Goal of the exercise: An exact transcription of all the records below is required, without any images.

------------

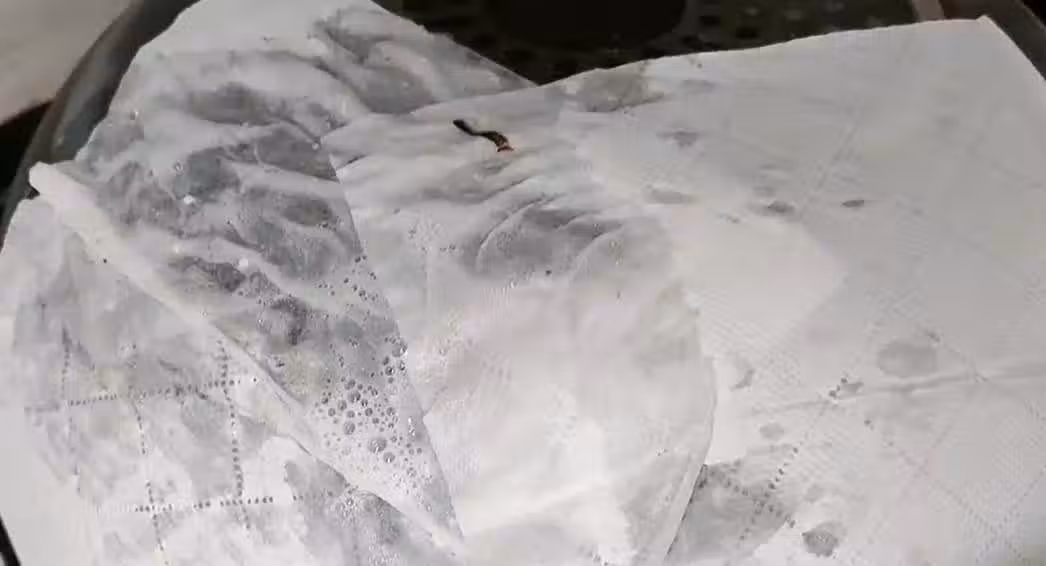 塗抹上一點之後,我們準備一張紙巾平鋪在上面,然後再次塗抹,把這個紙巾打濕,讓它貼附在炒菜鍋的底部,靜止個幾分鐘我們再來清潔。
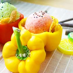 13. Use an ice cream scoop to scoop out the frozen ice cream into a ball shape and pack it into a ball.Pour into colored peppers, garnish with yuba and enjoy (yuba! Hualuo bag bag bag bag bag bag bag~)
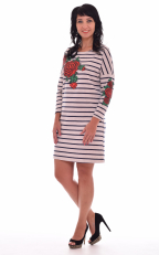 Платье женское из рибаны. Приталенного силуэта. Горловина полукруглая. Длинный рукав, приспущенное плечо. Элегантный принт в виде печати на рукаве и полочке изящно сочетается с тканью. Длина изделия : 44 р. - 88 см, 46 р. - 89 см, 48 р. - 90 см, 50 р.- 94 см, 52 р. - 92 см, 54 р. - 98 см, 56 р. - 99 см.
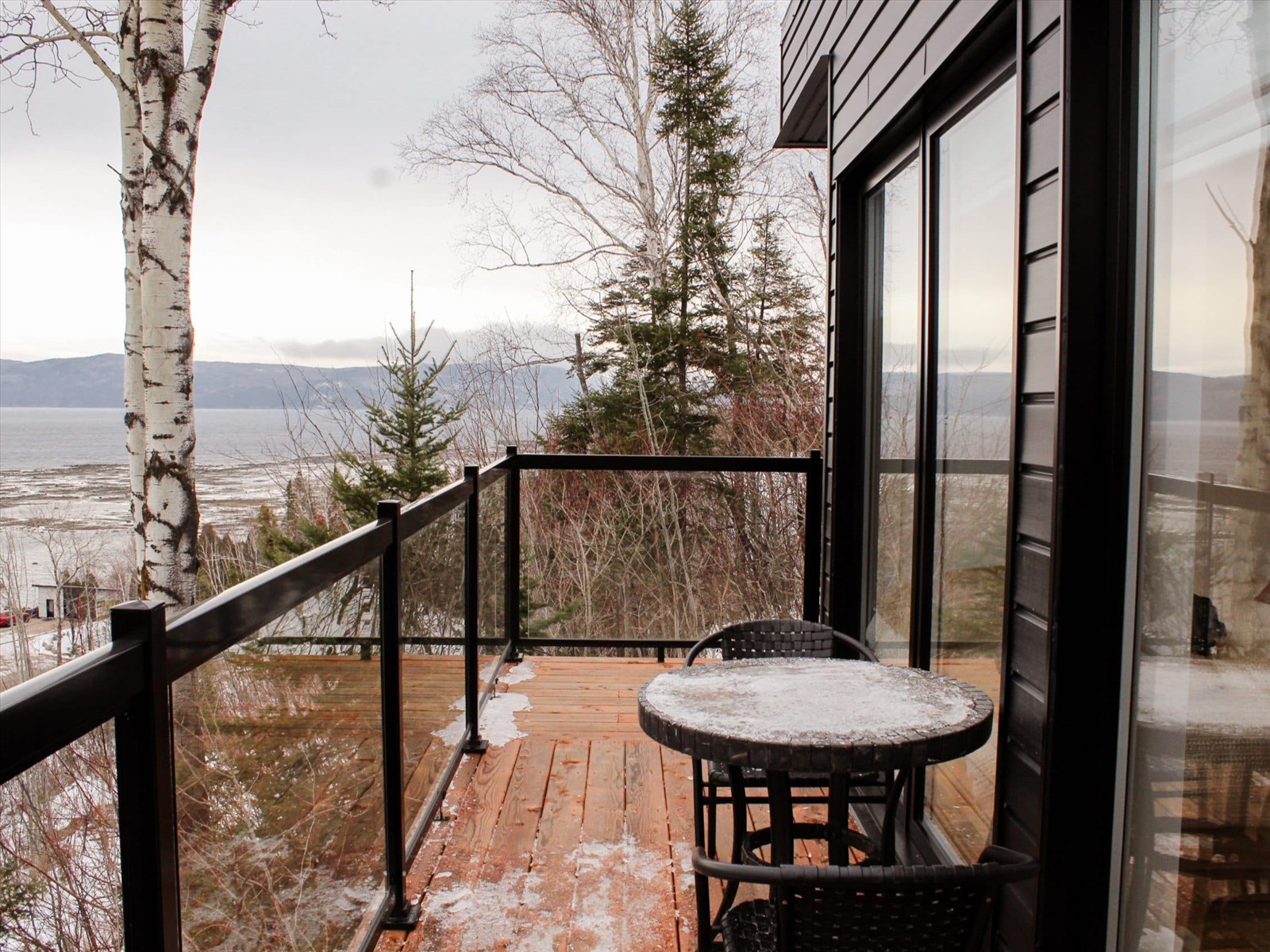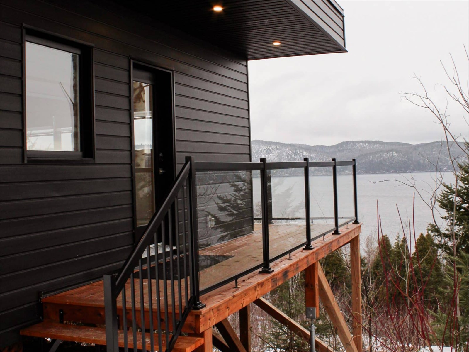 « En février 2022, j’achetais le terrain avec mes collègues. Ensuite, il y a quand même eu plusieurs complications, ce qui explique la durée de réalisation du projet. Il fallait construire un chemin, amener l’eau et l’électricité, installer les fosses septiques. Mais ça a valu la peine, parce qu’on peut profiter de la plus belle vue du Saguenay. Finalement, on est vraiment content et satisfait du résultat final », mentionne Vincent Alarie.
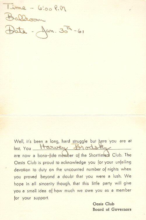 | Oasis Club Shorttimer's Card [Cover | Inside] courtesy of Harvey Brodsky |
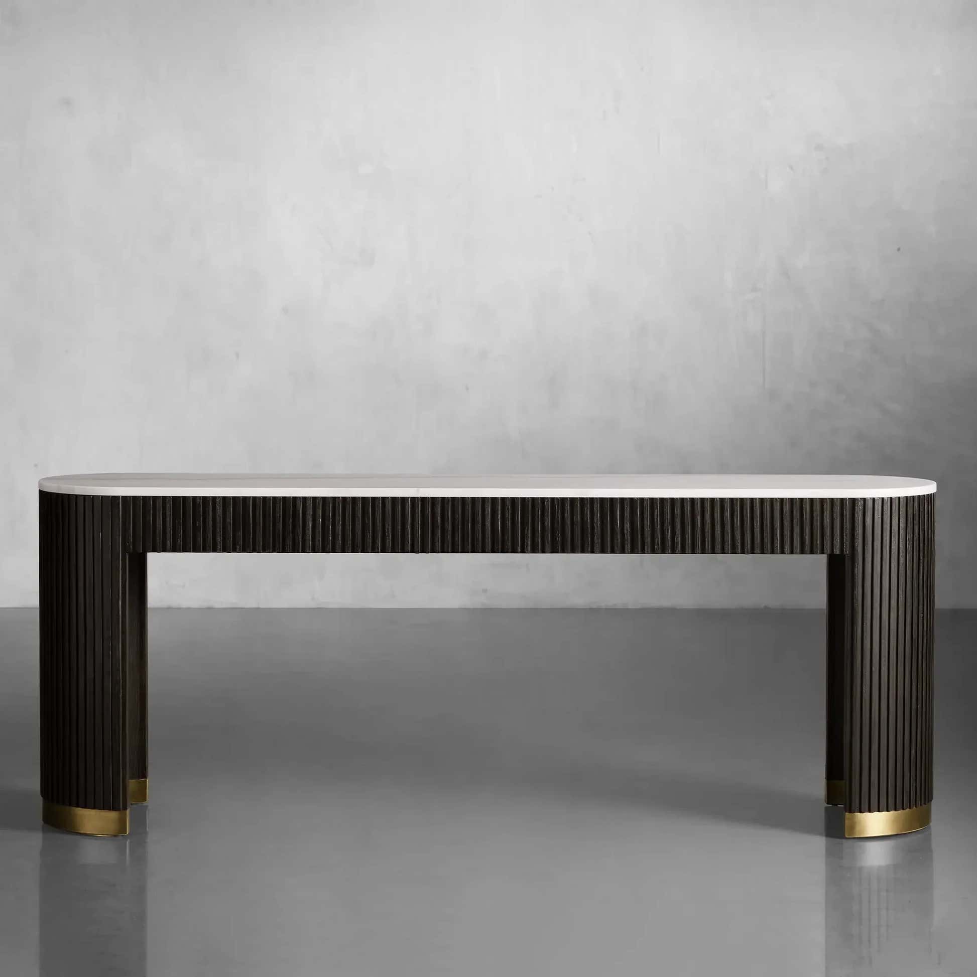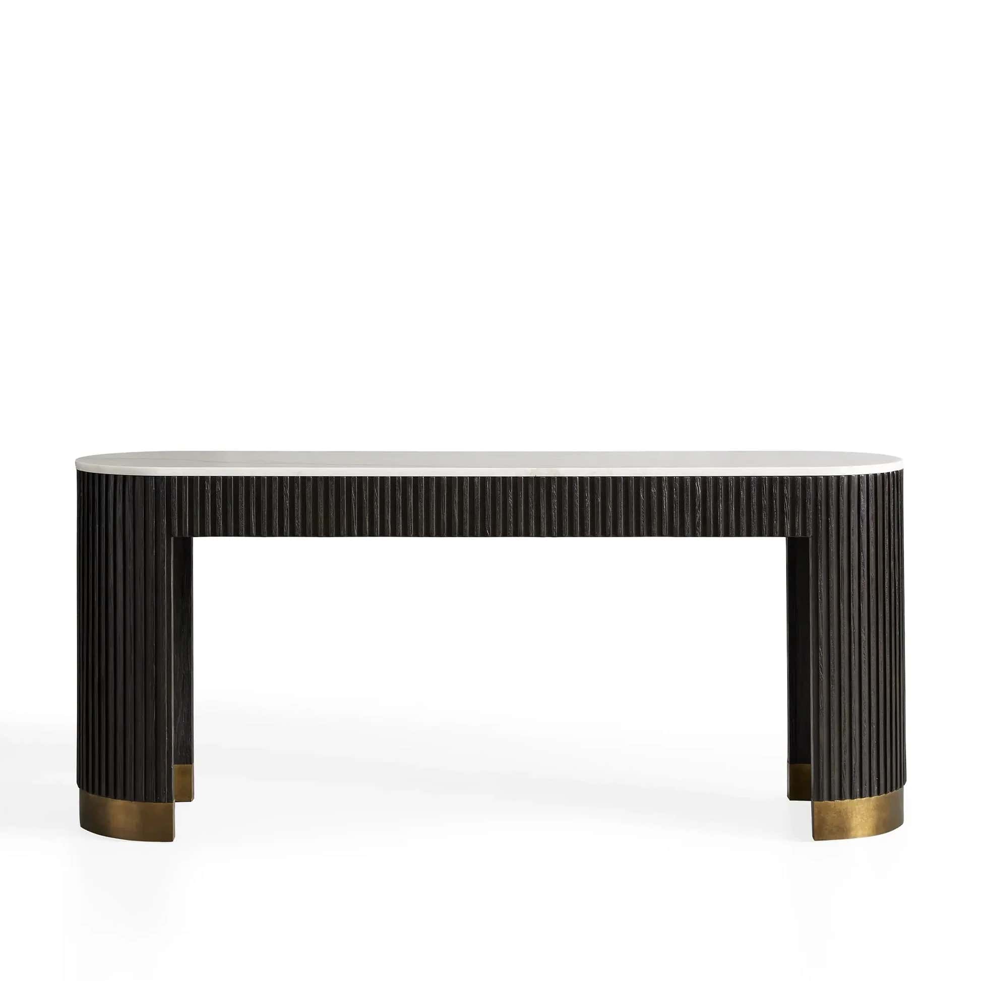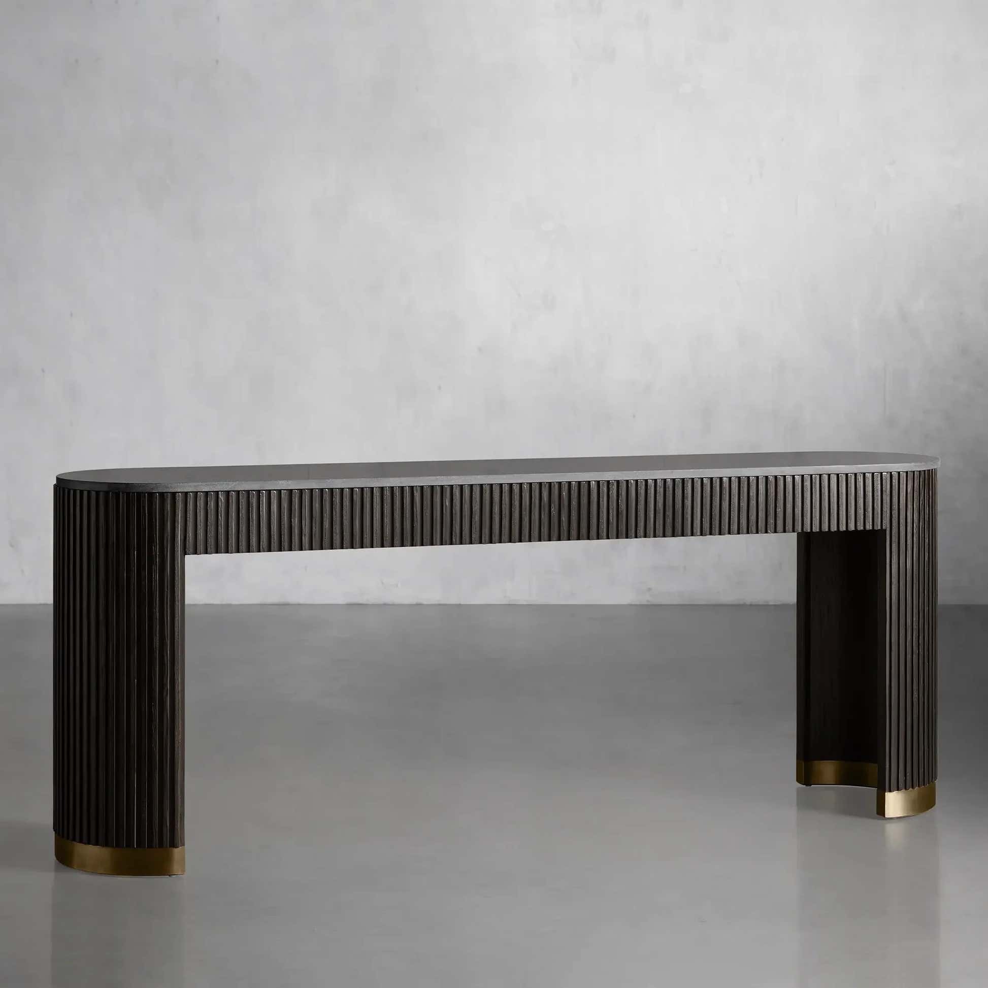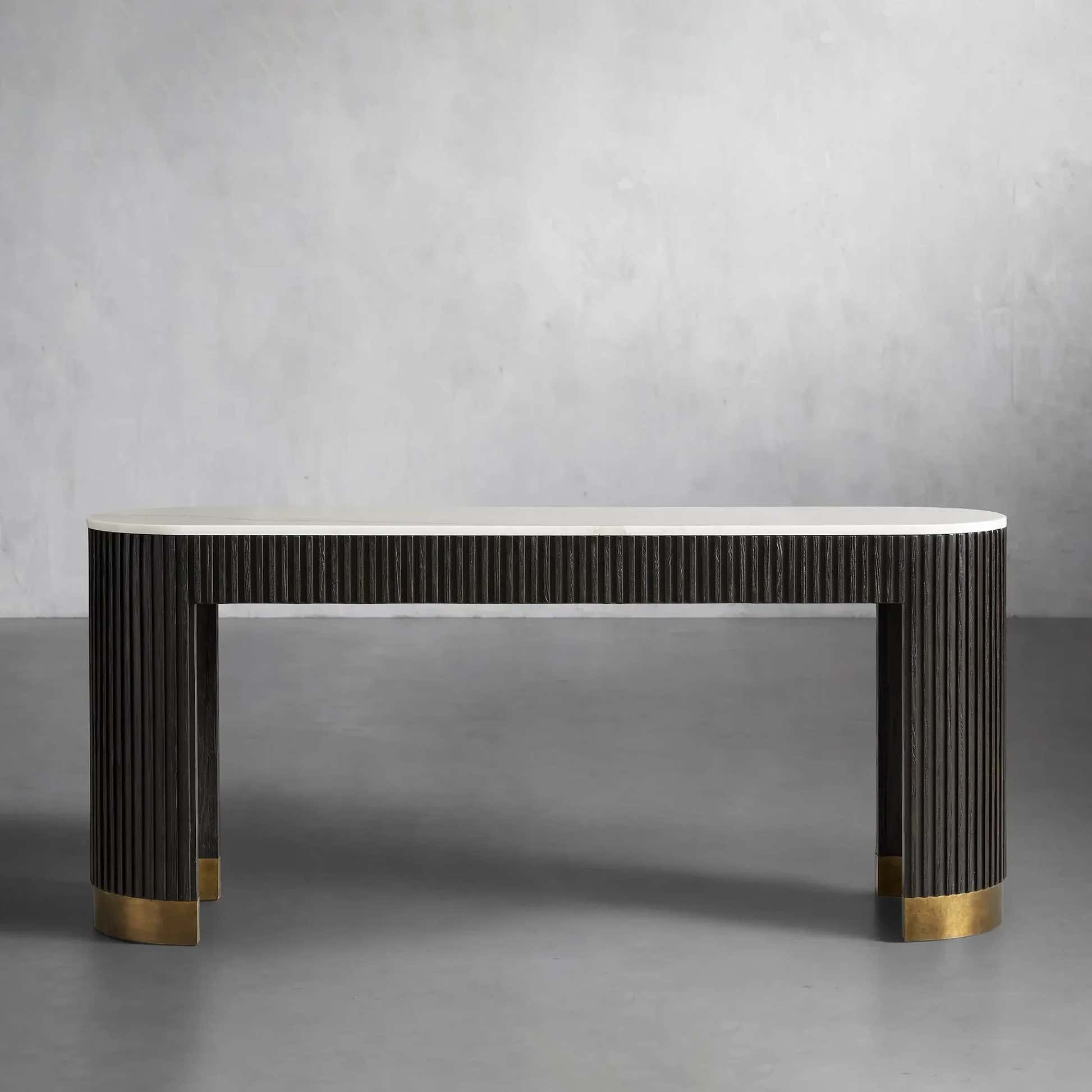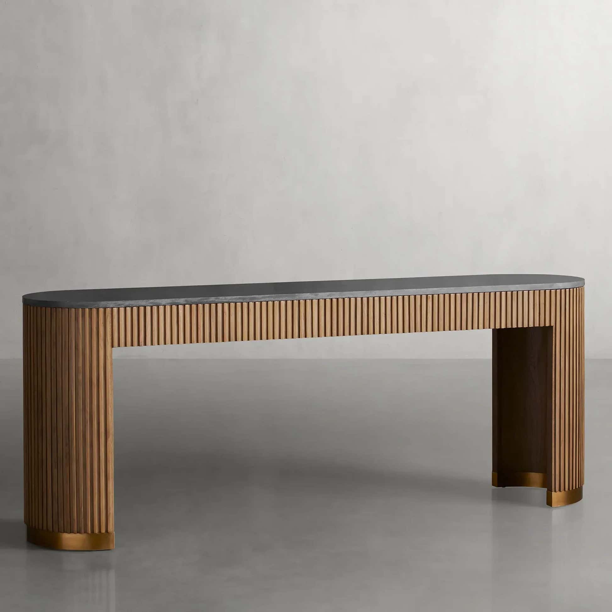 The Arden Console Table embodies the refined mixed-material aesthetic of the Arden Collection, offering a sleek profile with rich natural textures. Crafted from hand-finished Finnish pine or white oak, the streamlined frame is accented with reeded oak detailing and grounded by a brass-finished plinth base. A stone top—available in Carrara, Bluestone, or White Marble—adds a luxurious contrast. Perfect for entryways, living rooms, or behind a sofa, the Arden Console Table brings a sculptural elegance that feels both grounded and sophisticated.

------------

Answer for the task:
 塗抹上一點之後,我們準備一張紙巾平鋪在上面,然後再次塗抹,把這個紙巾打濕,讓它貼附在炒菜鍋的底部,靜止個幾分鐘我們再來清潔。
 13. Use an ice cream scoop to scoop out the frozen ice cream into a ball shape and pack it into a ball.Pour into colored peppers, garnish with yuba and enjoy (yuba! Hualuo bag bag bag bag bag bag bag~)
 Платье женское из рибаны. Приталенного силуэта. Горловина полукруглая. Длинный рукав, приспущенное плечо. Элегантный принт в виде печати на рукаве и полочке изящно сочетается с тканью. Длина изделия : 44 р. - 88 см, 46 р. - 89 см, 48 р. - 90 см, 50 р.- 94 см, 52 р. - 92 см, 54 р. - 98 см, 56 р. - 99 см.
 « En février 2022, j’achetais le terrain avec mes collègues. Ensuite, il y a quand même eu plusieurs complications, ce qui explique la durée de réalisation du projet. Il fallait construire un chemin, amener l’eau et l’électricité, installer les fosses septiques. Mais ça a valu la peine, parce qu’on peut profiter de la plus belle vue du Saguenay. Finalement, on est vraiment content et satisfait du résultat final », mentionne Vincent Alarie.
 | Oasis Club Shorttimer's Card [Cover | Inside] courtesy of Harvey Brodsky |
 The Arden Console Table embodies the refined mixed-material aesthetic of the Arden Collection, offering a sleek profile with rich natural textures. Crafted from hand-finished Finnish pine or white oak, the streamlined frame is accented with reeded oak detailing and grounded by a brass-finished plinth base. A stone top—available in Carrara, Bluestone, or White Marble—adds a luxurious contrast. Perfect for entryways, living rooms, or behind a sofa, the Arden Console Table brings a sculptural elegance that feels both grounded and sophisticated.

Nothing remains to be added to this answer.